We Know What You Did Last Summer
Jim Furyk breaks through to become a major winner who knows the value of life outside the game

calm, cool and collected, furyk relaxes on the beach
Photo: Ben Van Hook
That homemade backswing is as loopy as Jim Furyk gets. Who better to repel the advances of a topless woman while chugging toward his first major title, which Furyk did during the final round of last year's U.S. Open? The man is all business, an old-school disciple who absorbed the virtues of hard work and toughness from his father, Mike, a former western Pennsylvania club pro and Tommy Armour sales rep.
Dad was the one who heard all the snickers about his kid's funky action over the golf ball. Nine PGA Tour victories and $19 million later, Jim Furyk has choreographed a path to stardom, blessed not with Tiger Woods' physical arsenal or Phil Mickelson's flair but with one of the game's most reliable toolboxes.

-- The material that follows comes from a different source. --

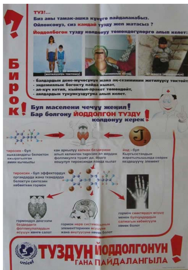
Poster promoting iodized salt.

Likewise, controls have shown great amounts of counterfeit products in shops and markets all over Kyrgyzstan, since fraudulent businesses forge packets of well-known brands. The general economic situation is also mirrored in the salt business, as insufficient self-monitoring by producers and the concealment of real output and sales volume for the purposes of tax evasion remain widespread.

Although Furyk has gone so far as to pluck hecklers out of the gallery during practice rounds, distractions that might have sidetracked weaker minds have done little to slow his climb into the top five in golf's World Ranking. A turbulent partnership with caddie Steve Duplantis ended in 1999, when Furyk hired Mike (Fluff) Cowan, who had worked for Woods. In 2000, just before the Tour Championship, Furyk injured his wrist while trying to be a defensive back in a stadium parking lot after watching his beloved Pittsburgh Steelers. Then, in early 2002, Furyk awoke one morning dizzy with a severe case of vertigo that troubled him for months. It wasn't until he rallied past Ernie Els, Vijay Singh and Mickelson to win the Memorial later that spring that Furyk felt 100 percent recovered.
At various stages during his 2003 breakthrough season, Furyk, 33, met with us to discuss all of the above, and why winning a major isn't about to turn him into something he's not.
Golf Digest: When we started these sessions a few days after your U.S. Open victory, you said that on a scale of 1 to 10, the impact of a major title on your life was no higher than a 4. Are you gonna stick with that?
Jim Furyk: I probably had a hundred people tell me things were going to change dramatically after winning a major championship, and I'm still not sure what they meant. There's a little more of a demand on my time, a little more opportunity to play in foreign events, a little more endorsement interest. Don't get me wrong — winning a major was, by far, the one achievement that changed my career in terms of how other people perceive me, but I wouldn't call it a life-changing experience. Having a child is a life-changing experience. Having a relative pass away, somebody getting ill — those things change your life more than winning a golf tournament.
During the Open a streaker visited you on the 11th green during the final round. Your lead was four strokes over playing partner Stephen Leaney. How much of a distraction was all that?
Not the least bit. I had a 25-footer for birdie and Leaney had a six-footer for par. I rolled my putt about eight inches past the hole and I heard somebody say, "You've got to be kidding." I see she's got two roses, and I'm thinking one of them is for Stephen. Meanwhile, he's got six feet left for par, and it's a very big putt. He had to stand around two or three minutes while everybody got settled down. He missed it and I tapped in, so for me, it wasn't a nuisance at all.
Is that the weirdest thing that has happened to you on a golf course?
I would hope so.
How does [wife] Tabitha react when someone in the gallery, not realizing who she is, makes a critical remark about you?
I've heard some things people have said, and I'm sure there are incidents she never tells me about. A few have [ticked] her off to the point where she's responded. When we've talked about it, I tell her she has to shake it off. There will always be critics; it's another thing you have to deal with.
My favorite is when you hear someone say, "I can hit that shot." I've pulled people out of the crowd. I remember a practice round at the British Open with [Steve] Stricker and [Lee] Janzen. Stricker's ball and mine were in the same area off the green. Stricker went first and hit his chip shot to eight feet. I got over mine and somebody said, "I can hit one better than that." So I told my caddie to throw me a ball. I handed the guy my wedge and said, "Let's see what you've got."
Let me guess: He holed it.
He laid the sod over it.
Couldn't handle the pressure.
Another time I was practicing bunker shots to a tight pin. I left the first one short in the rough and somebody watching goes, "Chunk!" I did the same thing with my second, and he said it again. The third one had a bunch of spin and stopped about six or eight feet from the hole, which is about as good as I could do. "Not bad," he said. So I asked him what he thought of the first two. He said I chunked them, so I handed him my club and gave him a try. He moved it about six inches, max.
How about when people joke about your swing? David Feherty once said it looks like an "octopus falling out of a tree." How'd you feel about that?
I find it funny. I like David — he could almost do stand-up comedy if he wanted. If you can't laugh at yourself, you can't have much fun. My relatives are Ukrainian, Hungarian, Czech and Polish. I get a kick out of Polish jokes, too.